In his most recent opinion piece that was published in the Wall Street Journal, the U.S. The chairman of the Securities and Exchange Commission stated that he did not see any reason to treat the cryptocurrency market differently from traditional markets "just because it uses a different technology." He stated that despite the fact that the federal securities laws in the United States are over 85 years old, they generally protect investors, including those in the cryptocurrency sector.
"We can do away with the notion that crypto financing is not subject to regulation. On the other hand, these regulations have been in place for some decades. However, the platforms aren't keeping up with them. According to what Gensler noted, "noncompliance is not an inevitable byproduct of either the cryptocurrency business model or the underlying cryptocurrency technology."
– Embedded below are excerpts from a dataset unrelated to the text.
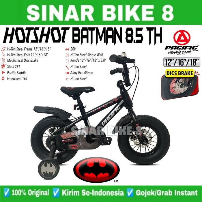 Sepeda BMX PACIFIC HOTSHOT BATMAN 8.5 TH Disc Brake Ban 3.0 NEW Ukuran 12 16 18 Inch Ban Jumbo 3.0
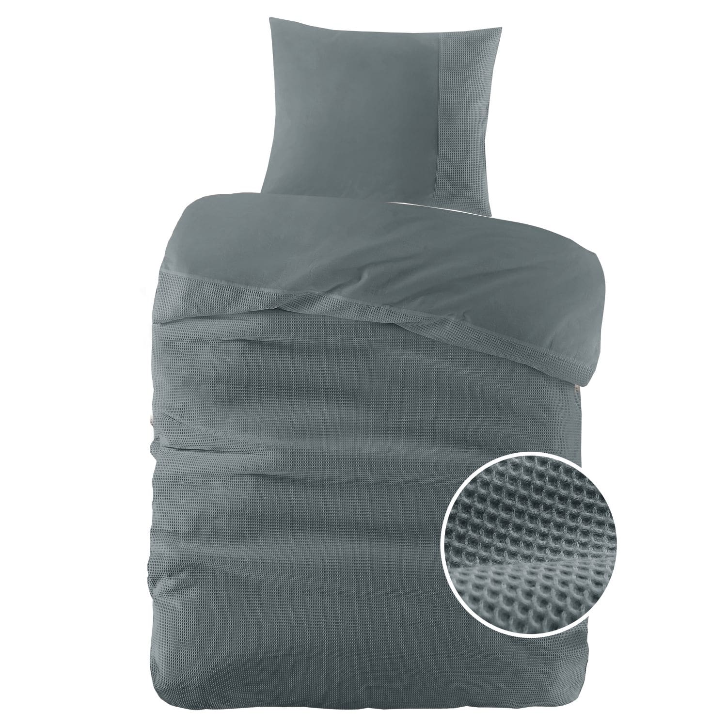 De iconische wafelstructuur op de bovenzijde van het Mendoza dekbedovertrek voegt niet alleen visuele diepte toe, maar geeft ook een subtiel reliëf dat je omhult in comfort. Deze structuur:
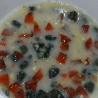 4. 把切好的皮蛋丁加入剩下的三分之一蛋白液里,放入姜末,蒜末搅匀(这是三色之一的黑色部分)
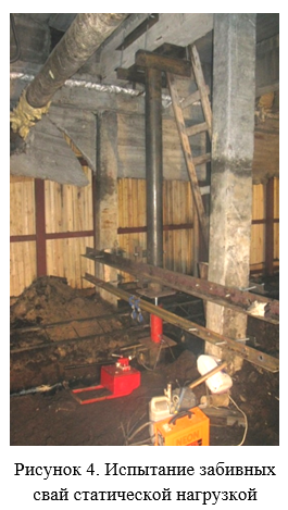 2. Забивные сваи. Успешным оказался опыт погружения свай с помощью пневмомолота. Применялись трубчатые стальные сваи диаметром 220 мм, собираемые из отдельных секций длиной 1,5…2 м (рисунки 2, 3). Применялся молот марки СО-166 массой 400 кг. На устройство одной сваи, включая заполнение трубы бетонной смесью, затрачивалось около 2 часов. Для проведения испытаний таких свай статической нагрузкой потребовалось конструирование специальных приспособлений для передачи нагрузки от домкрата на ригели цокольного перекрытия или ростверки существующего фундамента (рисунок 4). Согласно техническому заданию проектной организации максимальная нагрузка на сваи при испытаниях составляла 300 кН.
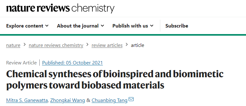 本网讯近日,安徽农业大学生物质分子工程中心与合作者共同撰写了综述文章,探讨了农林生物基材料在仿生领域的最新进展,并从交联网络、动态相互作用和自组装等角度,提出对生物基仿生材料化学合成的新见解。相关文章以“Chemical syntheses of bioinspired and biomimetic polymers toward biobased materials”为题发表在Nature Reviews Chemistry(Nature子刊 影响因子34.035),汪钟凯教授为本综述共同第一作者。
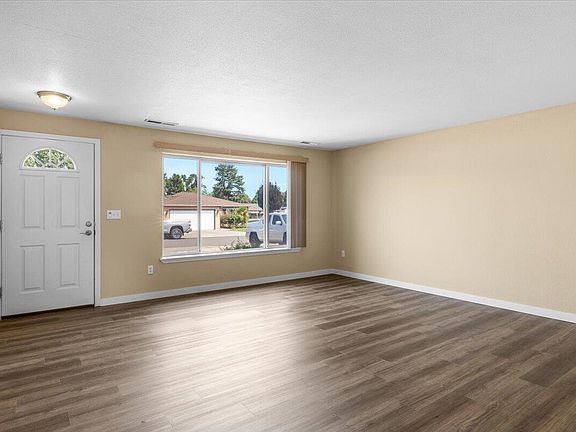 Don't miss this move in ready single level 3 bed 2 bath home. Outside you are greeted by fresh, low maintenance landscaping, including new rocks and weed liner, as well as a large driveway for ample parking. Inside you are welcomed by an abundance of natural light and new flooring throughout. The smart floorplan hosts an open kitchen and dining area complete with sliding doors to the covered patio and fully fenced backyard, as well as a spacious living room, full bathroom, two generously sized bedrooms, and a primary with full ensuite. A dedicated laundry room flows seamlessly to the attached 2 car garage. With recent updates like newer AC, newer stove, newer toilets, this home has it all; come take a look today!
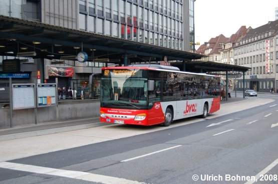 Auch Setra S 415 NF können im BVO-Fuhrpark angetroffen werden. Wagen 728 hält gerade am Jahnplatz in Bielefeld.
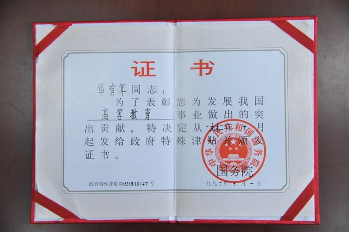 华有年获评政府特殊津贴获得者
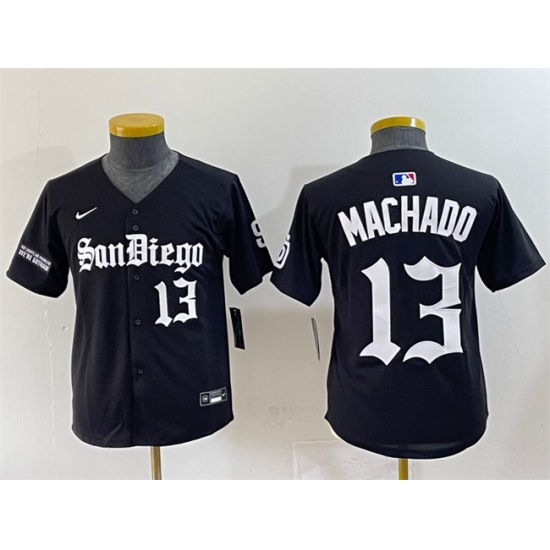 - Youth San Diego Padres 13 Manny Machado Black Mexico Cool Base Stitched Baseball Jersey
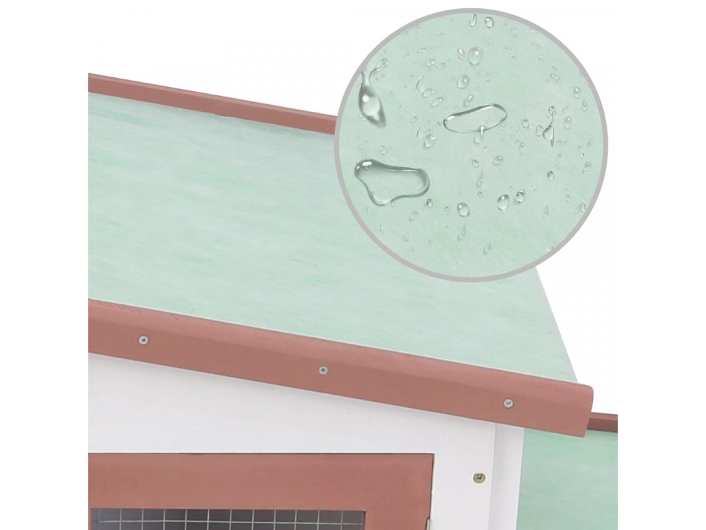 Je postavená z natíraného masivního jedlového dřeva, které je pro zvířata bezpečné a má dlouhou životnost. Asfaltová střecha chrání vaše chlupaté přátele před nepřízní počasí. Zvýšené okraje udrží vaše malá zvířata v bezpečí, suchu a teple, zejména za deštivých dnů. Obě strany jsou vybavené rampou, takže váš mazlíček může snadno vyšplhat do pelíšku. Kotec je navržený pro nenáročnou údržbu a má odnímatelné dno pro jednodušší čištění. Výběh s odolným oplocením zajišťuje dostatečnou ventilaci a brání domácím mazlíčkům ve výletech ven, zatímco dravce naopak nepustí dovnitř. Uzamykatelná dvířka chrání vaše mazlíčky a umožňují bezproblémový přístup.
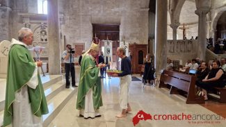 Questa mattina la Festa del Mare ha vissuto il suo momento più intenso e sacro con la messa alla Cattedrale di San Ciriaco prima e il lancio della corona in mare poi. Quest’ultimo rituale è stato eseguito congiuntamente dall’Arcivescovo della diocesi di Ancona e Osimo, Monsignor Angelo Spina e dal sindaco di Ancona Daniele Silvetti.
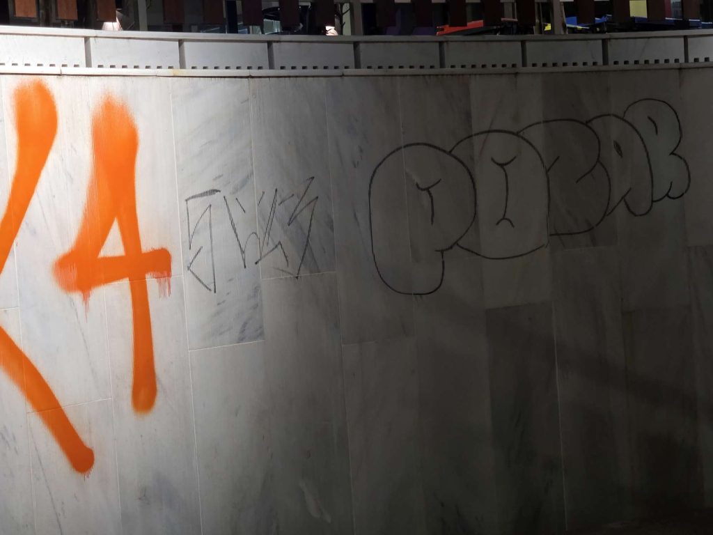 Η πλατεία Λασσάνη, από τους πιο πρόσφατα αναπλασμένους χώρους της Κοζάνης κι ήδη κάποιοι δεν τη σεβάστηκαν. Πάνω σε καθαρές επιφάνειες κάποιοι επέλεξαν να “γράψουν”, αλλοιώνοντας την εικόνα ενός χώρου που δημιουργήθηκε για όλους.
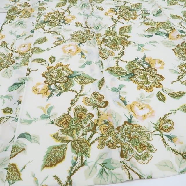 生成り色の地に咲き誇る薔薇の花々。
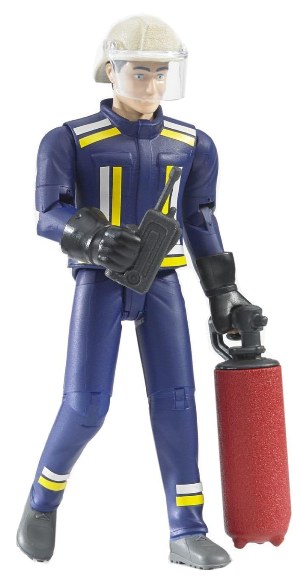 – likeable character with an impression that is as realistic as possible – just like the real thing – the credo of the Pro series is the standard here as well.The fireman is immediately ready for use thanks to his protective clothing and equipment consisting of uniform, helmet with visor and gloves. He always has a fire extinguisher with him that he can use quickly to prevent a fire from spreading. If the fireman can’t deal with the blaze himself, then he can call for backup on his radio. BRUDER Spielwaren has various vehicles and extras to be able to recreate a big fire brigade procedure.
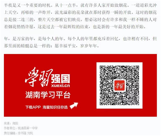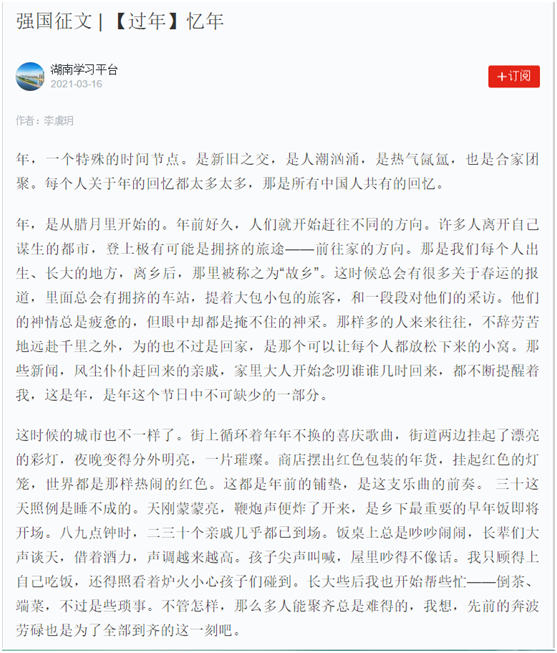 为深入贯彻落实习近平总书记关于传承中华传统文化、坚定文化自信等重要论述,突出乡愁亲情、家风家教等重要文化元素,进一步筑牢家国情怀,为“十四五”良好开局凝聚精神力量,高一年级举办了“过年:中国人的集体记忆”主题征文,共评出一等奖24名、二等奖23名、三等奖33名,并将优秀作品向“学习强国”平台推送。其中2018班李虞玥同学的作品《忆年》由“学习强国”于3月16日刊登发表。

The former investment banker made the observation that recent market developments have demonstrated why cryptocurrency companies need to comply with securities rules. According to Gensler, who cited BlockFi as an example, "in recent months, a number of crypto lending platforms have either locked their investors' accounts or gone bankrupt." It was discovered that this cryptocurrency loan firm has borrowed over $10 billion in crypto assets from investors while promising them an attractive interest rate in return. According to Gensler, the steps taken by BlockFi transformed "BlockFi Interest Accounts" into a security. "BlockFi Interest Accounts" are the firm's lending product. Additionally, BlockFi proceeded to package the pooled assets and issue them as loans to institutional borrowers. Additionally, BlockFi invested funds in other securities, thereby transforming itself into an investing company. Before receiving a call from the regulators, Celsius and Voyager Digital had likewise followed the same course of action. It is not the first time that Gensler has asserted that his organization need to be in charge of the administration of various cryptocurrencies like Cardano, Dogecoin, and others. However, as a result of his unyielding stance, he has ruffled the feathers of certain key people in the cryptocurrency industry. These individuals are of the opinion that he harbors nefarious intentions regarding the fledgling industry. In response to Gensler's opinion piece, John Deaton, founder of Crypto Law, wrote a response in which he asserted that the head of the SEC was illegally beyond the boundaries of his jurisdiction. Since Congress had not passed any regulations to oversee the cryptocurrency sector since the Howey case, the only institution that was best suited for the role was the Commodity Futures Trading Commission (CFTC), according to his interpretation of the situation.
According to Deaton, "Gensler has utilized this apparent lack of clarity to unleash a campaign of regulation by enforcement — extending Howey beyond recognition." "As a legal doctrine, it should worry everyone well beyond the crypto realm," Deaton stated.